In September 2010, New York-based Forest pled guilty to charges that it obstructed justice, illegally distributed Levothyroid (levothyroxone) thyroid hormone and unlawfully marketed antidepressants Celexa (citalopram) and Lexapro (escitalopram) for use in children. (See BioWorld Today, Sept. 17, 2010.)

To settle the charges, the company agreed to make payments of $149 million plus interest to federal government and state Medicaid programs. In addition, to resolve the criminal investigation, it promised to pay a fine of $150 million, and a forfeiture payment of $14 million.

According to Samp, exclusion of individuals from health care plans on the basis of the OIG process sidesteps due process rights ensured by the U.S. constitution. "If HHS believes that Solomon acted wrongly, it should initiate civil or criminal proceedings and allow a court to sort through the evidence. But OIG exclusion proceedings are not an appropriate vehicle for making initial determinations regarding whether an individual acted wrongly. Exclusion proceedings do not provide for any sort of pre-enforcement hearings. Thus, in cases of this sort, the issue of wrongdoing has to be decided by OIG on the basis of correspondence, with no right to testify, no right to examine all the evidence upon with OIG may be relying and no right to confront and cross-examine any adverse witnesses."

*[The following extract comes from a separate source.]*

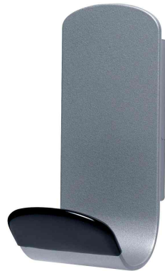
Garderobenhaken "STEELY", metallic-grau / schwarz

Multimillion dollar settlements have become a routine expense of the drug business for many companies. The rogues gallery of drugmakers who have paid fines for illegal promotion includes Novartis AG, Pfizer Inc., Eli Lilly and Co., Allergan Inc., Astrazeneca plc and Bristol-Meyers Squibb Co.

In October 2010, Novartis agreed to plead guilty and pay a $185 million fine, plus $237.5 million in civil liabilities for off-label marketing of its antiseizure drug Trileptal (oxcarbazepine) and for payment of kickbacks to health care providers. Novartis previously paid $72.5 million to settle civil False Claims Act allegations of off-label promotion of TOBI, its cystic fibrosis drug. (See BioWorld Today, May 10, 2010, and Oct. 4, 2010.)

In 2009, Pfizer made the largest ever settlement of its kind by paying $2.3 billion to resolve charges of illegal off-label promotion of Bextra (valdecoxib). And Lilly incurred a $515 million criminal fine and up to $800 million in civil penalties for off-label promotion of Zyprexa (olanzapine) for indications such as Alzheimer's dementia.

In September 2010, Allergan paid $600 million in criminal and civil penalties for illegal promotion of Botox (onabotulinumtoxin A), and in 2007, Bristol Myers Squibb and affiliate Apothecon Inc. settled charges of paying kickbacks and illegal promotion of Abilify (aripiprazole) for $515 million.

Although Solomon was not the first CEO to be targeted by OIG, he was the first who had not been convicted of wrongdoing. Under the Social Security Act, HHS can exclude individuals or companies from future participation in Medicare and Medicaid programs if they have been convicted of charges related to "fraud, theft, embezzlement, breach of fiduciary responsibility, or other financial misconduct.

Owners can only be excluded if there is evidence that they knew or should have known about the activity. Corporate officers and managing employees can be excluded based solely on their position in the company. That is how Solomon ended up in the crosshairs.

At the time, he pointed out that numerous other major pharmaceutical companies have pled guilty to much more egregious offenses without incurring exclusion of senior executives.

The HHS did not explain why it chose Solomon, nor did it explain why it decided not to pursue exclusion after four months' consideration, except as follows in its written statement: "With all potential exclusions, OIG considers the relevant information provided by the person as it applies to the relevant factors outlined in our guidance."

The OIG affirmed its commitment to continue investigating and sanctioning executives who commit fraud in addition to those who allow it to happen on their watch.